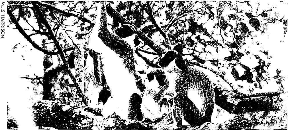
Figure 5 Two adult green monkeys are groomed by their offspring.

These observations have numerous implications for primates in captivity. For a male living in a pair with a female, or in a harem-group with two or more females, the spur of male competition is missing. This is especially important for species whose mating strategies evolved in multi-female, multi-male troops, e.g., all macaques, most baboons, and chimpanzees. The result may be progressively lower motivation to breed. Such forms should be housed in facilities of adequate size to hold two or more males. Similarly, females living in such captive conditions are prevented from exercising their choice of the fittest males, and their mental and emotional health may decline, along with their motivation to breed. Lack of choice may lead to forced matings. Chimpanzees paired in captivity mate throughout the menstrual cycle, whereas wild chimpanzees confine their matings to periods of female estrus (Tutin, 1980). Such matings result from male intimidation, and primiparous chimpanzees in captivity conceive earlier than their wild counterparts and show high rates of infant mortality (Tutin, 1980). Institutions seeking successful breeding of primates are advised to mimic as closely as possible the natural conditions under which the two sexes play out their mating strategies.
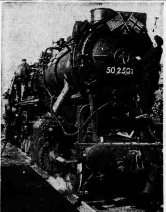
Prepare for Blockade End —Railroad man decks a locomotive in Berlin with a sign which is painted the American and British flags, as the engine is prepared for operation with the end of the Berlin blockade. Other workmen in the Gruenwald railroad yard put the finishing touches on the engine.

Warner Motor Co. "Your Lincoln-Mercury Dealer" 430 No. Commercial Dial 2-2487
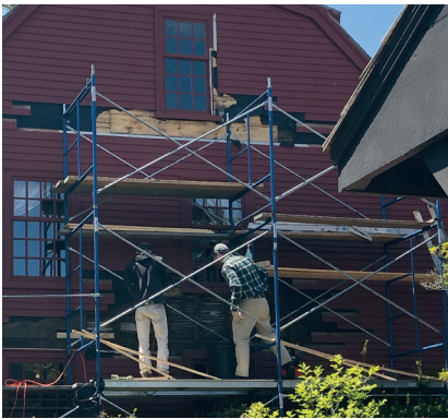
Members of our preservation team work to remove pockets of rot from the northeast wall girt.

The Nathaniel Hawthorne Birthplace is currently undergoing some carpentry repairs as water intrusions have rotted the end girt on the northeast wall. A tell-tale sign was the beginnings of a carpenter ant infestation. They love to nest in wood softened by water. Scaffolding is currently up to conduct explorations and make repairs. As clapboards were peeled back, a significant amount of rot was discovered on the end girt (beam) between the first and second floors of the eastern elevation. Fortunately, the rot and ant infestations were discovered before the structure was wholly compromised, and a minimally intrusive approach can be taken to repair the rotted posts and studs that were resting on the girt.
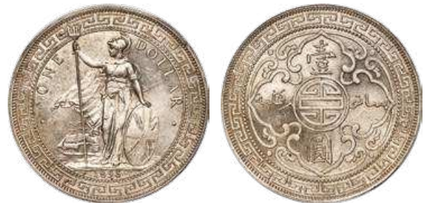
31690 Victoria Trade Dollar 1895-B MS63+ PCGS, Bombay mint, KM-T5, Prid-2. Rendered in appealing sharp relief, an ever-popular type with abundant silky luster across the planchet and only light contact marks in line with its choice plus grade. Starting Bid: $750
...
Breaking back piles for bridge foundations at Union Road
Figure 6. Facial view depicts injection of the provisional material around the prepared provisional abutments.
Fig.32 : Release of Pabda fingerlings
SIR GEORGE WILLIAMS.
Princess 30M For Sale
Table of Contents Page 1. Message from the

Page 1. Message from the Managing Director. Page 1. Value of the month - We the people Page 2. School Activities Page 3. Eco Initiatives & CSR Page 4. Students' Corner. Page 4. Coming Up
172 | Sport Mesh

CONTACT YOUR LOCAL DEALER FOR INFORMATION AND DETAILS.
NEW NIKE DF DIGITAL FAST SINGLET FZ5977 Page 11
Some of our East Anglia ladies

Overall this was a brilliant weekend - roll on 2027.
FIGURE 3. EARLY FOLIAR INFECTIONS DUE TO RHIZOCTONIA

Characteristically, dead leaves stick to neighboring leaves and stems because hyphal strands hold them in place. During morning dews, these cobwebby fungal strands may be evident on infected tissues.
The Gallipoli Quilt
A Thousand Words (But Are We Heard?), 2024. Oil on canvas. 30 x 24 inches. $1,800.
==
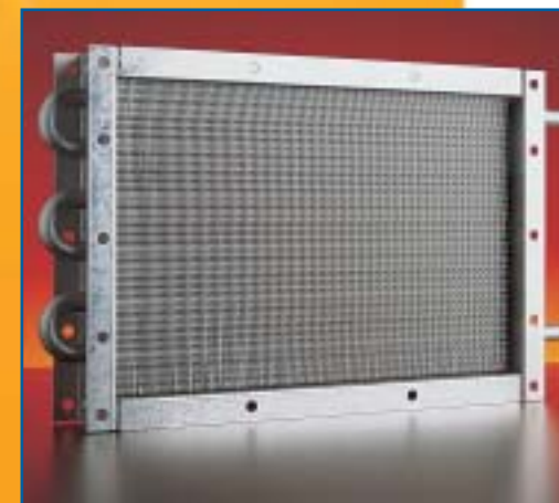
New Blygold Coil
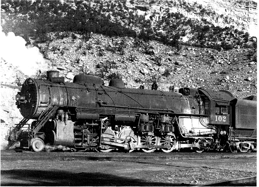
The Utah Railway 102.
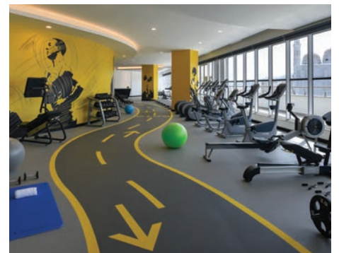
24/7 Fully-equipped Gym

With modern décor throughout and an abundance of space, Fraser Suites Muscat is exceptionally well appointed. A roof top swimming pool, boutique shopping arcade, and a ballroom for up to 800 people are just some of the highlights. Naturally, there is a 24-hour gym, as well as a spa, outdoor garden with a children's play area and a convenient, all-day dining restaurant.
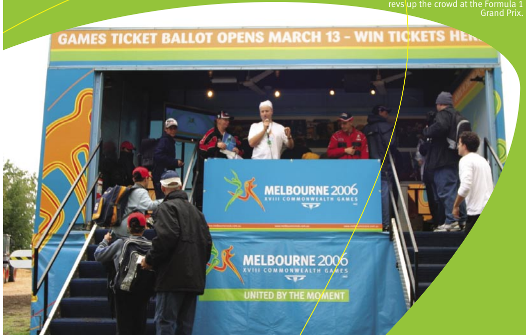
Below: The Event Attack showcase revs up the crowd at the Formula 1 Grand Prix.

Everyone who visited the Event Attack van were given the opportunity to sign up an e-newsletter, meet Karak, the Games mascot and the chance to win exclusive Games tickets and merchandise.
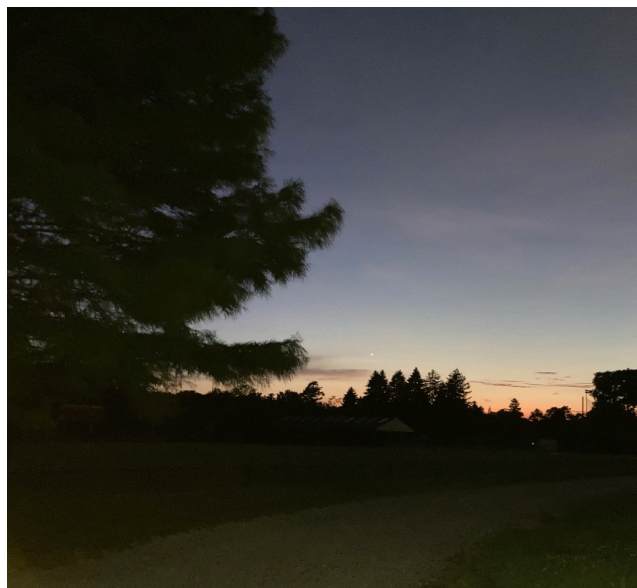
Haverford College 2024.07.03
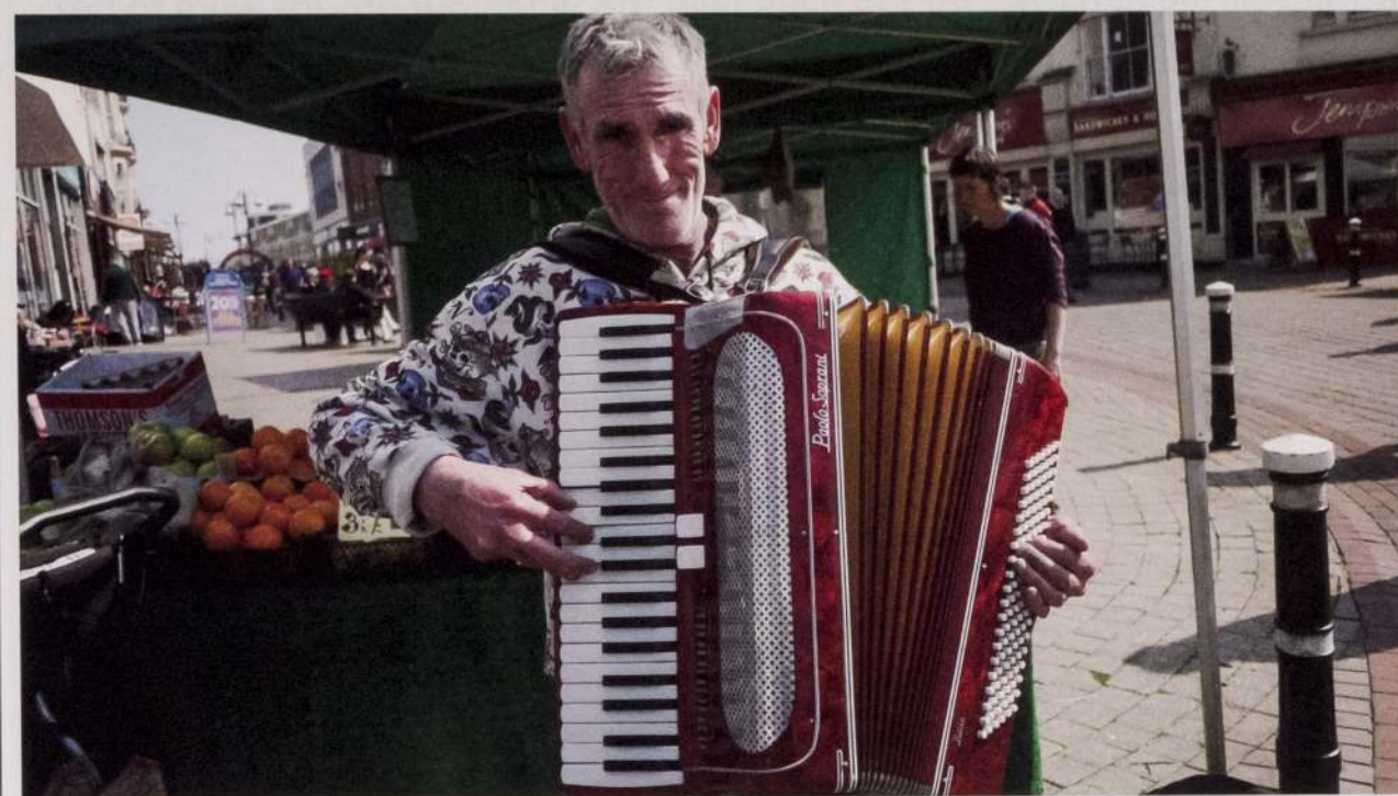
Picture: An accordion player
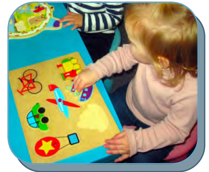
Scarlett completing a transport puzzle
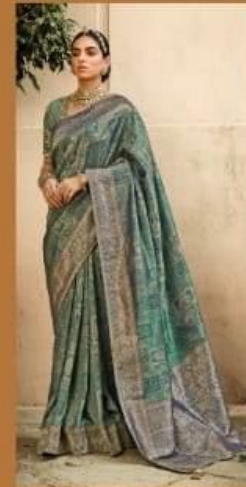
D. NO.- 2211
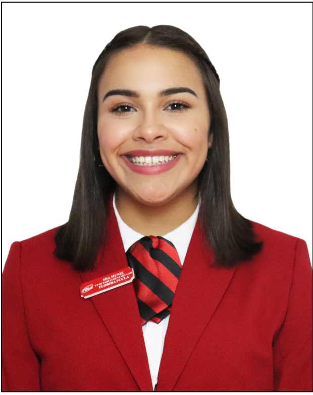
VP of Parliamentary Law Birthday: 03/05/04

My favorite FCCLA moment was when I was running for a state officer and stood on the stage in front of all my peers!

--- What this task involves ---
Gather all lines from the records above in which "Message" appears.

--- Finished exercise ---
Table of Contents Page 1. Message from the
Page 1. Message from the Managing Director. Page 1. Value of the month - We the people Page 2. School Activities Page 3. Eco Initiatives & CSR Page 4. Students' Corner. Page 4. Coming Up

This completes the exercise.